# Whitepaper Plan

This document plans a future capOS whitepaper / technical report. Its job is
**not** to draft the paper, but to keep the paper's evidence requirements
visible so that ongoing capOS development can be sequenced to produce them.

Treat this file the way `WORKPLAN.md` is treated: keep it current with user
direction, prune as items close, and cross-link to `docs/roadmap.md`,
`WORKPLAN.md`, and the relevant proposals rather than duplicating them.

Companion files:
- `outline.md` -- section-by-section sketch of the future paper.
- `evidence-gaps.md` -- live tracking of which paper claims still lack
  artifact-level evidence and which workplan slice will close each gap.

## Format and Release Metadata

- Format: whitepaper / technical report. No conference page limit.
- Release metadata is intentionally out of scope for this planning page.
- Deadline: none. Quality drives sequencing; the paper does not freeze before
  Tier-1 evidence is in place.

## Working Title

*Schema-as-ABI: Typed Capabilities and Ring-Transport Dispatch in capOS.*

## Thesis

A research OS where Cap'n Proto schemas serve simultaneously as

1. the kernel ABI,
2. the only access-control mechanism (the interface *is* the permission),
3. the IPC wire format, and
4. the persistence and network-transparency substrate,

replacing the parallel rights bitmasks, untyped IPC primitives, and C-header
syscall conventions that prior capability OSes still carry.

Position relative to prior art:
- **seL4** -- formally verified, but rights are kernel-managed bitmasks and
  IPC payloads are untyped message registers.
- **Zircon** -- typed kernel objects, but the typing lives in C handle
  conventions and a fixed syscall surface, not a schema language.
- **EROS / CapROS** -- persistent capabilities, but no schema-as-wire layer
  on top of the capability primitives.
- **Genode** -- component-typed RPC, but RPC is built on top of kernel IPC
  primitives that are not themselves the wire format.
- **Plan 9** -- "everything is a file" universal interface, but file I/O is
  a single weak type compared to schema-typed methods.

The unique claim under evaluation is that one schema layer subsumes the
rights, ABI, IPC, persistence, and network-transparency mechanisms that
those systems each provide separately.

## Core Claims and Required Evidence

The paper stands on five claims.
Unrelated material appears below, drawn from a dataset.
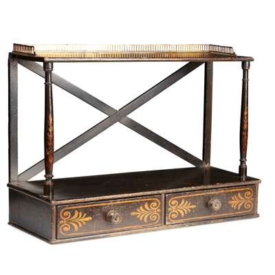 REGENCY EBONISED AND PARCEL-GILT HANGING SHELF
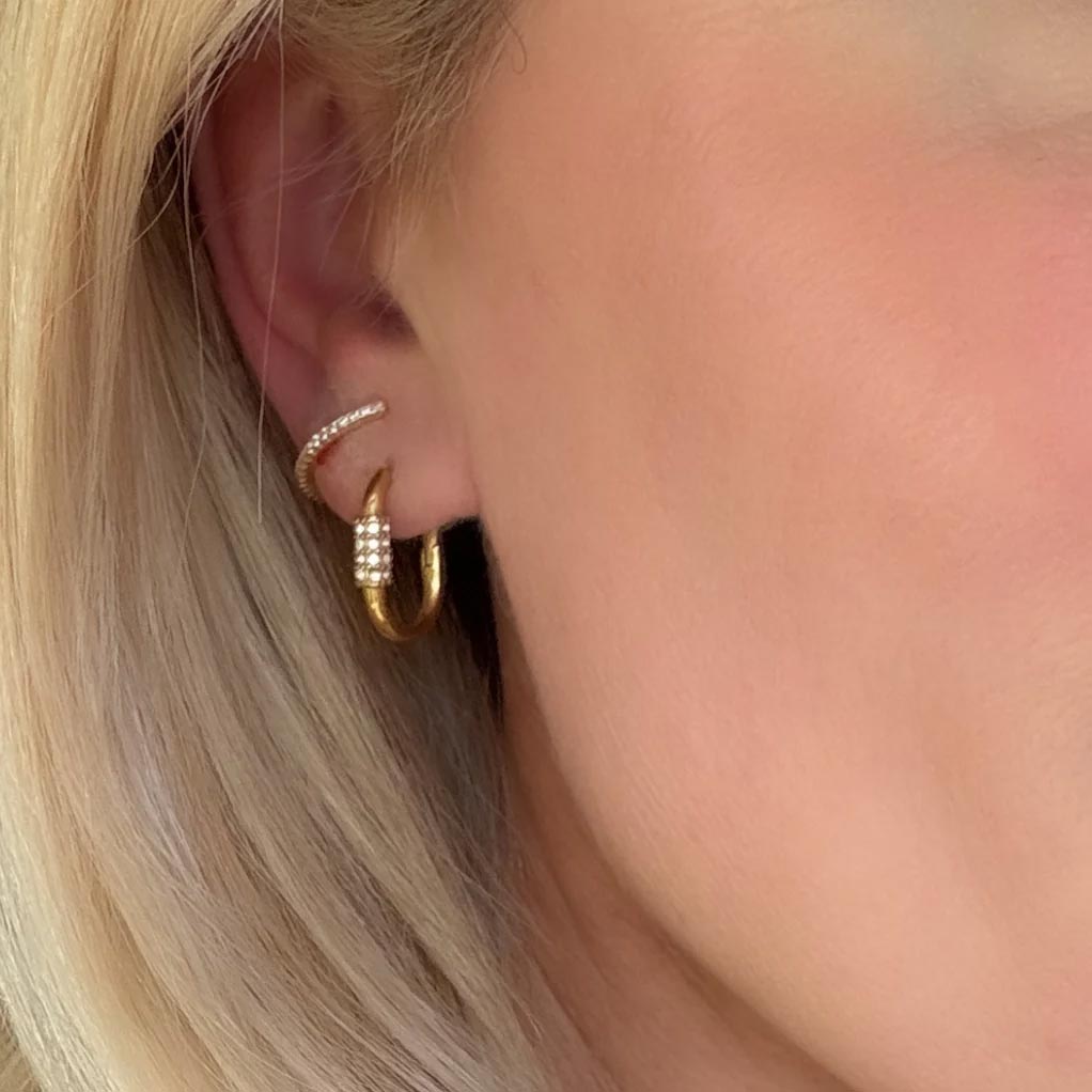 The Eden Hoops feature a stunning pave set zirconia band on thick 18k gold plated sleeper. Perfect for everyday on their own or worn as part of a stack.Β

Each must be backed by an artifact, not by
description alone.

| Claim | Required artifact | Status |
|---|---|---|
| C1. Schema-typed methods can replace parallel rights bitmasks. | Working capability dispatch where authority narrowing happens via wrapper caps, not flag bits. Session-bound invocation context replaces caller-selected endpoint identity without generic rights flags. | Partial. Delegated-relabel containment, transitional representation substrate, the historical service-object routing proof, and the Gate 1 process-session invariant proof are done; endpoint caller-session metadata and shared-service migration remain open. |
| C2. A shared-memory ring with one progress syscall is a sufficient kernel boundary. | Implemented `cap_enter` + SQ/CQ + opcodes covering CALL/RECV/RETURN/RELEASE/NOP. Loom model. Real latency/throughput numbers vs. a syscall-per-call baseline. | Implementation done. **Numbers missing.** |
| C3. The wire format enables persistence. | A capability whose state is serialized via its schema and restored across kernel reboot. Even a RAM-backed `Store` proof-of-concept is sufficient. | **Missing.** |
| C4. The wire format enables network transparency. | One capability invocation crossing TCP between two capOS instances (or between QEMU and a host stub) using the same schema. | **Missing.** |
| C5. The kernel can be developed and verified at this size with practical tooling. | Kani/Loom/Miri/panic-inventory artifacts plus the workplan/review discipline. | Strong; needs distillation. |

The paper should not promise more than the artifacts deliver. Limitations
go in their own section, written before claims tighten.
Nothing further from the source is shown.